> WHAT YOU SHOULD DO
Under this line is some data; print exactly the lines from the one containing "- Geometría del" through its last line, without pictures.

> DATA BELOW

--------------------------------------------------

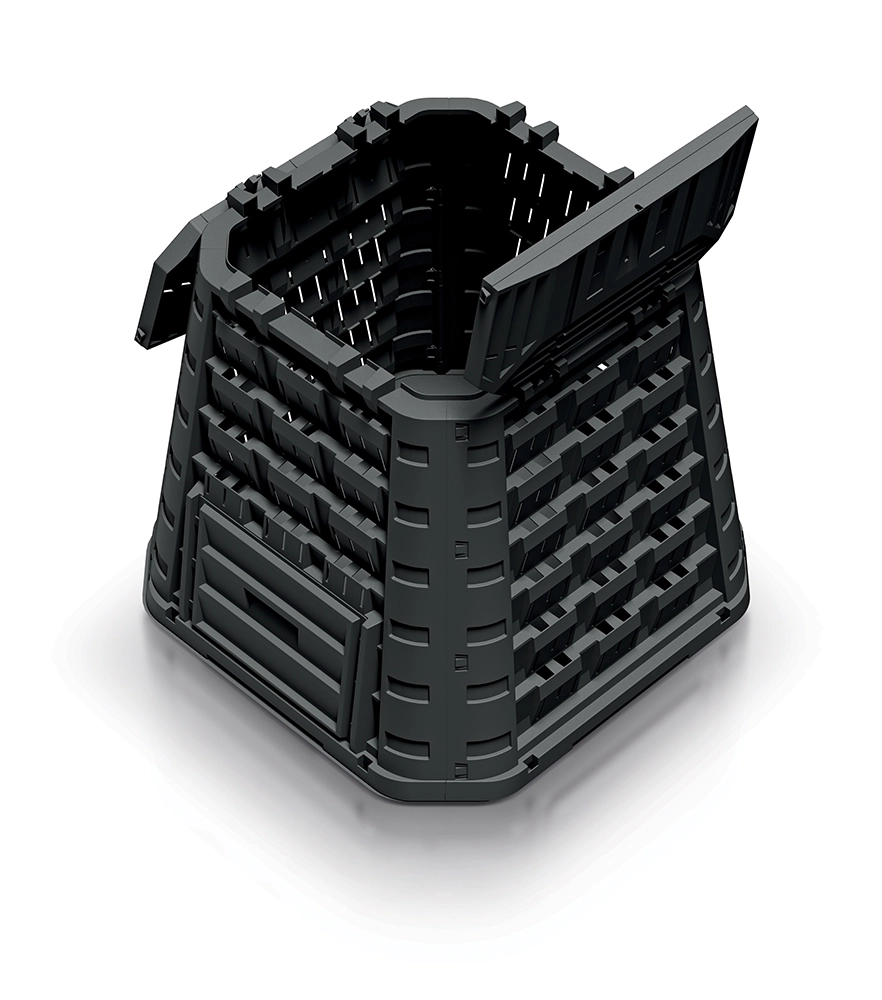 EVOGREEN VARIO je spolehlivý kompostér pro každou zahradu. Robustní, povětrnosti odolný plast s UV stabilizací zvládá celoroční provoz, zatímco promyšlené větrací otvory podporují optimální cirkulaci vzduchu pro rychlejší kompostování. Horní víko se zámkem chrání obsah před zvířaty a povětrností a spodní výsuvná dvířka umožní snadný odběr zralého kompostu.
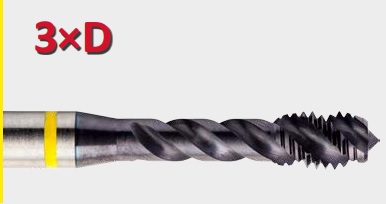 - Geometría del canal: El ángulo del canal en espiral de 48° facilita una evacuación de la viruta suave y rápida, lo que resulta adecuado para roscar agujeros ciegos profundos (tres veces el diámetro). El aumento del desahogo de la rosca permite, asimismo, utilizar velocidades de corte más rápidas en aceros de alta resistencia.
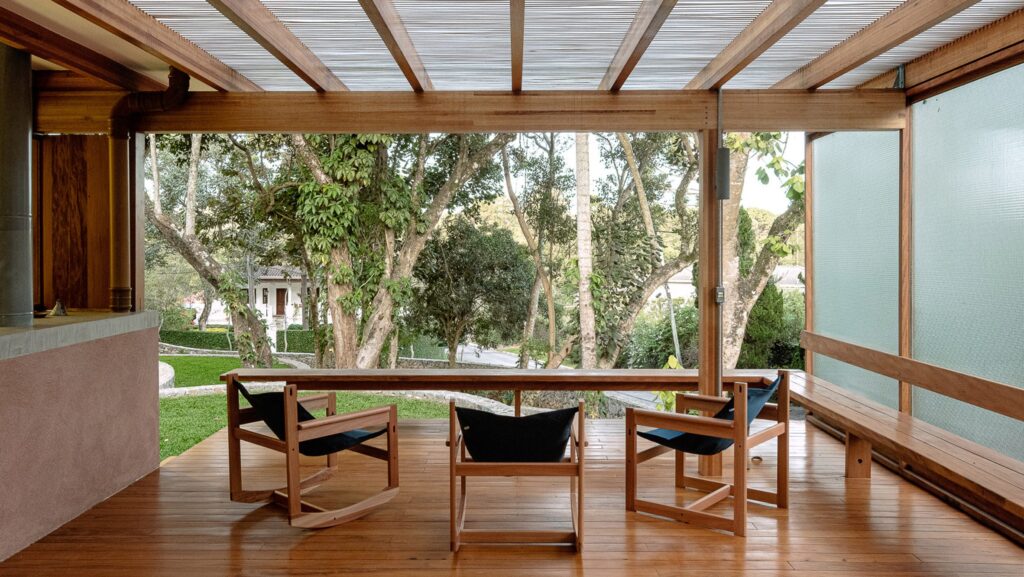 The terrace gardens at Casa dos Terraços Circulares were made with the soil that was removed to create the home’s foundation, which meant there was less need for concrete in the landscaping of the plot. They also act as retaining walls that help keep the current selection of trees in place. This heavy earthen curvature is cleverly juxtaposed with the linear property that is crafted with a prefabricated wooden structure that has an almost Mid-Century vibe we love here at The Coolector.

--------------------------------------------------

> COMPLETED EXERCISE
 - Geometría del canal: El ángulo del canal en espiral de 48° facilita una evacuación de la viruta suave y rápida, lo que resulta adecuado para roscar agujeros ciegos profundos (tres veces el diámetro). El aumento del desahogo de la rosca permite, asimismo, utilizar velocidades de corte más rápidas en aceros de alta resistencia.
 The terrace gardens at Casa dos Terraços Circulares were made with the soil that was removed to create the home’s foundation, which meant there was less need for concrete in the landscaping of the plot. They also act as retaining walls that help keep the current selection of trees in place. This heavy earthen curvature is cleverly juxtaposed with the linear property that is crafted with a prefabricated wooden structure that has an almost Mid-Century vibe we love here at The Coolector.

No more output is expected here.